The campaign’s architect was Luis Muñoz Marín, a journalist and socialist in his youth, who was elected governor in Puerto Rico’s first democratic contest in 1948 after 50 years of American rule. Muñoz Marín introduced a national program of urbanization and industrialization that included the construction of roads, subdivisions, and factories, as well as the widespread distribution of consumer goods. He also created the Division of Community Education (DIVEDCO), which employed artists and writers to make films, in collaboration with rural communities, about a variety of social and economic problems that the changing country faced.
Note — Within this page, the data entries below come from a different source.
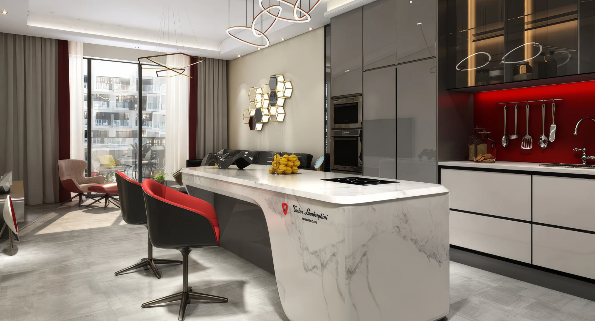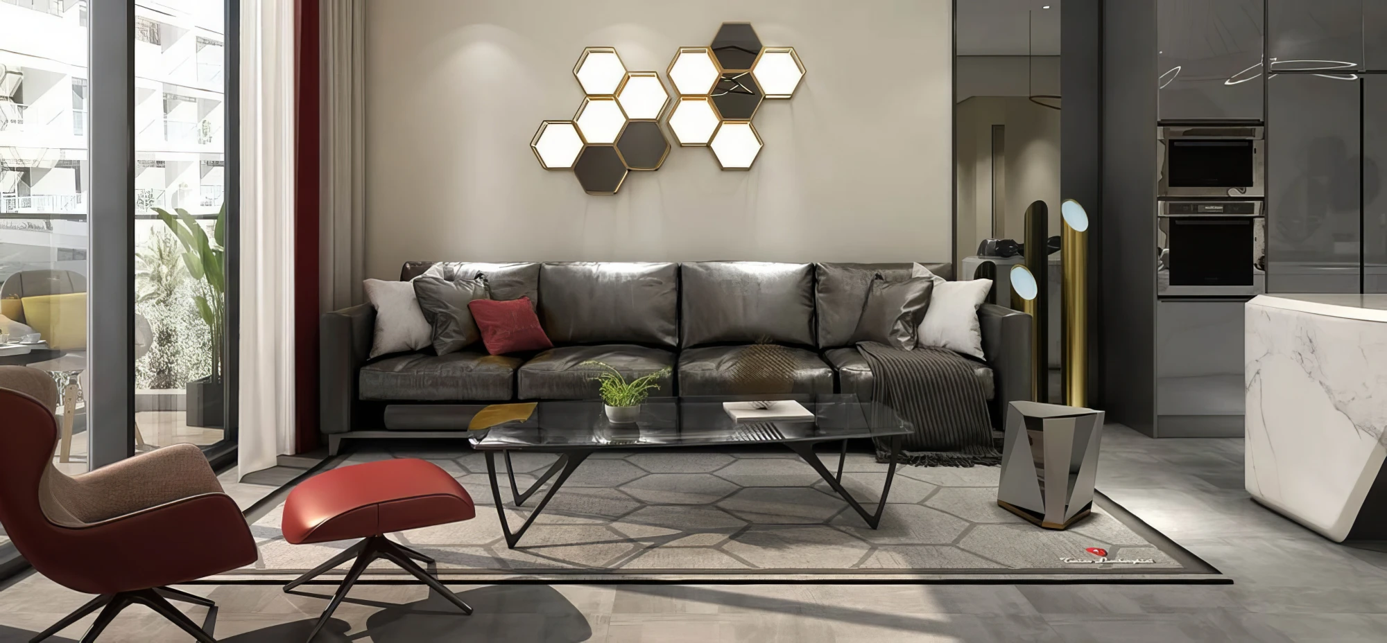 - Open-plan living room with balcony access;
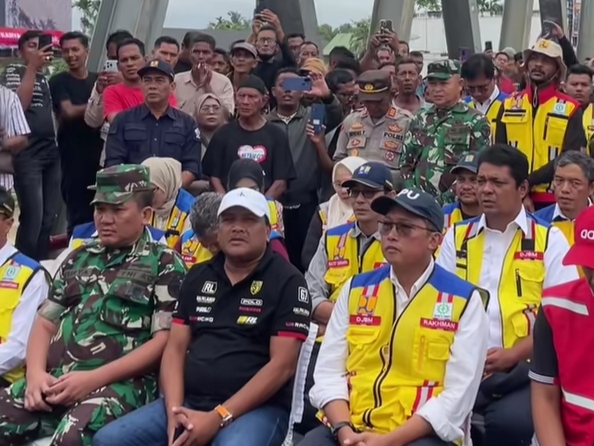 Ratusan warga terlihat memadati area jembatan untuk menyaksikan langsung momen bersejarah tersebut. Kehadiran sosok Bupati yang turun langsung ke lapangan memberikan suntikan semangat bagi warga sekitar yang selama ini terdampak oleh perbaikan jembatan.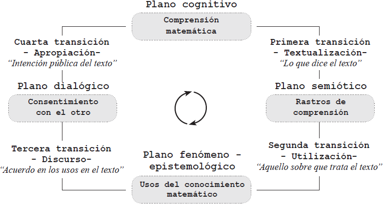 En definitiva, el consentimiento con el otro nos ofrece una vía para retornar a la comprensión matemática. Por medio del protagonismo final adquirido por el estudiante, garantizamos de nuevo el carácter cognitivo de su comprensión, desplazado provisionalmente al comienzo del círculo, y con la correspondiente apropiación completamos de un modo más inclusivo nuestra propuesta para interpretar la comprensión de la actividad matemática en el aula.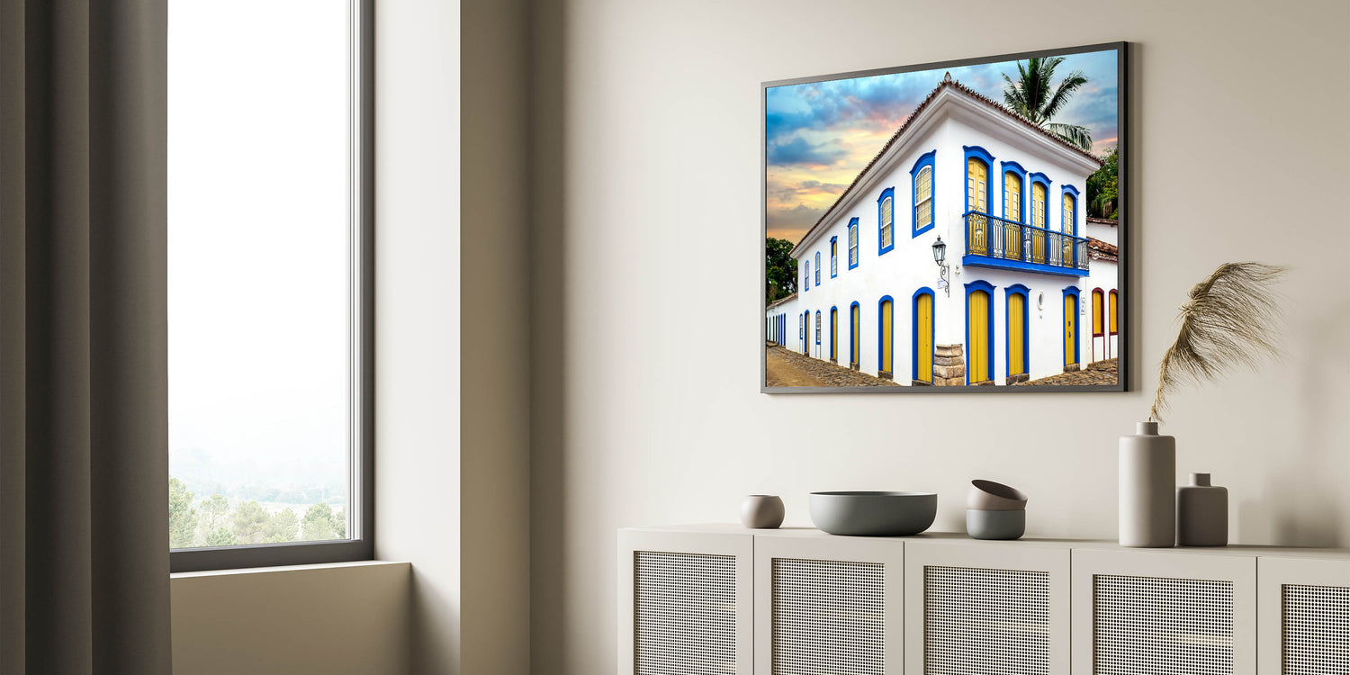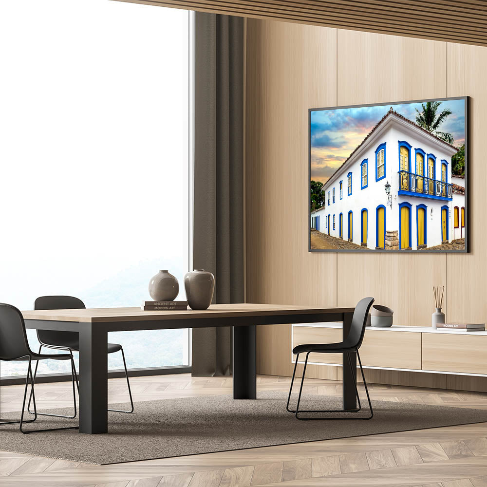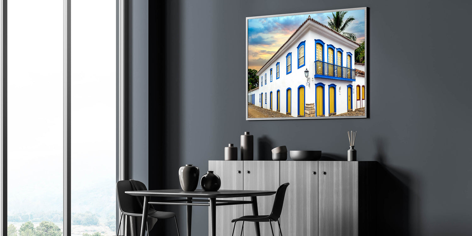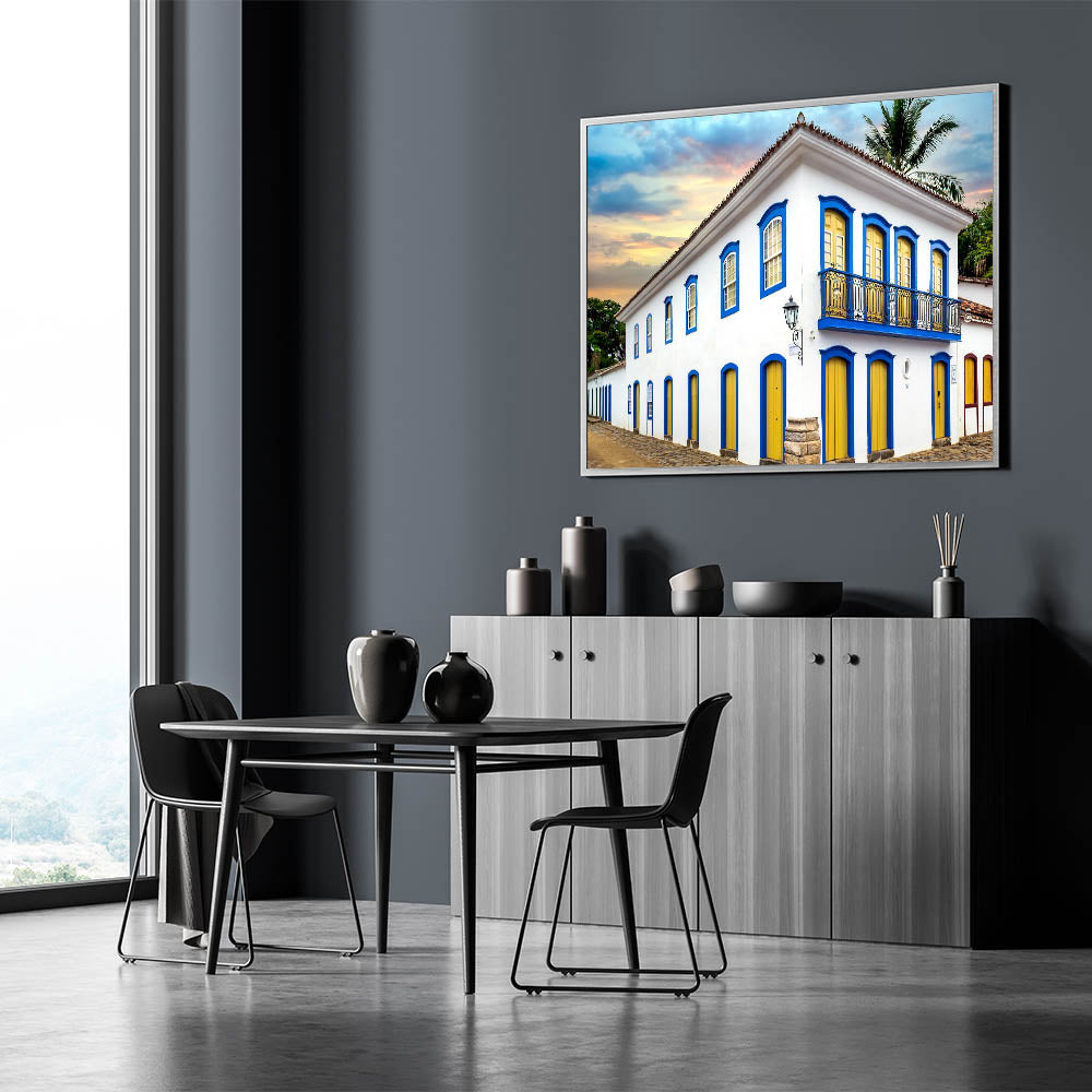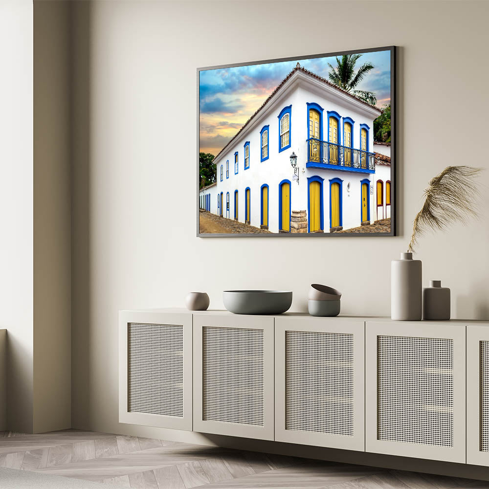 Add a touch of Brazilian heritage to your space with this vibrant colonial architecture wall art. The bold blue and yellow colors of the historic building capture the charm of Brazil’s colonial past, while the cobblestone street and elegant design offer a window into the country’s cultural richness. Perfect for those who appreciate Brazilian landscape prints, this piece will bring a bright and lively atmosphere to any room.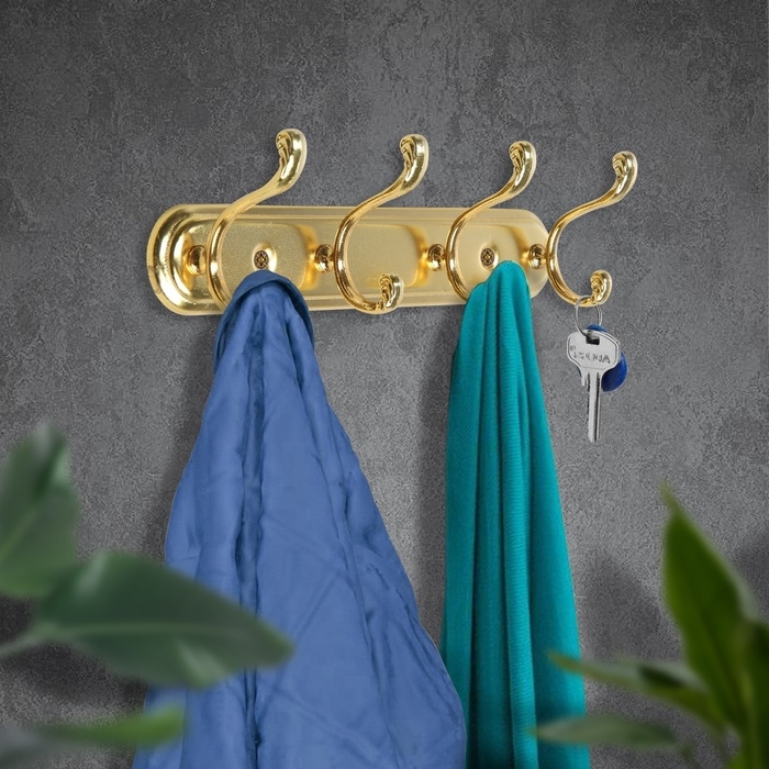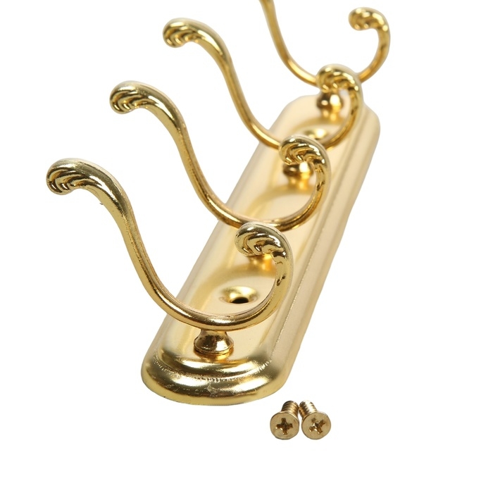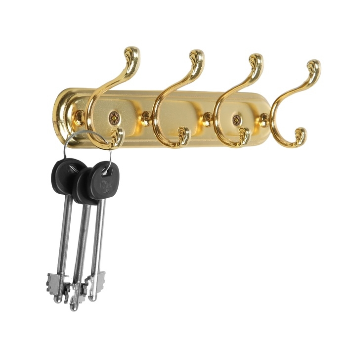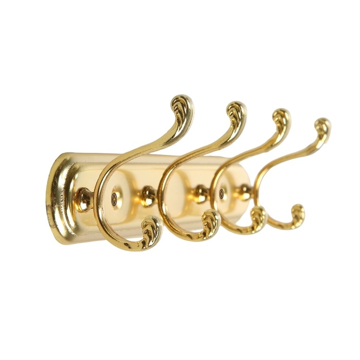Вешалка ТУНДРА TVF001, металлическая, четырехрожковая, цвет золото

In Everything Seemed Possible, DIVEDCO’s films are used to examine this period of radical transformation, and are interpreted as a sacred social and artistic experiment in and of themselves. In one DIVEDCO film called El Puente (1951), a rural community is afflicted by a river that regularly floods the town. During a dramatic thunderstorm, a young boy nearly drowns trying to swim across it. This sequence uses an Eisensteinian montage of rapid cuts that generates the feeling of panic induced by the flood. In the storm’s wake, the townspeople organize a meeting and gather together to build a bridge across the river by hand.

Other films produced by DIVEDCO reckon with the murkier outcomes of “progress.” In El Santero (1956)—shot by Rivera Moret’s great uncle, the cinematographer Gabriel Tirado—a rural artisan known for carving wooden saints can no longer find a buyer for his creations. In a heartrending sequence, the artisan sees a factory where icons are mass produced and decides to give his saints away to the Museum of Anthropology, History, and Art. Rivera Moret quotes a letter his grandmother wrote to a newspaper editor about a proposed coal plant in her hometown of Carrizal: “it is progress that will turn [Carrizal] into a cemetery.”

Toward the end of Everything Seemed Possible, Rivera Moret introduces Paco Collet, a former community organizer with DIVEDCO. As Collet paws the fruit of his sugar apple tree, 50 years after DIVEDCO’s dissolution, we hear him speaking in voiceover. One of the principles of a democratic life for him and his fellow organizers, he says, was that “the solution to a problem is not more important than the way in which the problem is solved.” For those seeking true progress, in Puerto Rico and elsewhere, this is a principle best remembered.

Everything Seemed Possible screens this evening, June 10, at BAM as part of the series “Everything Seemed Possible + Shorts Films of the Puerto Rican Film Unit.” Director Ramón Rivera Moret will be in attendance for a Q&A.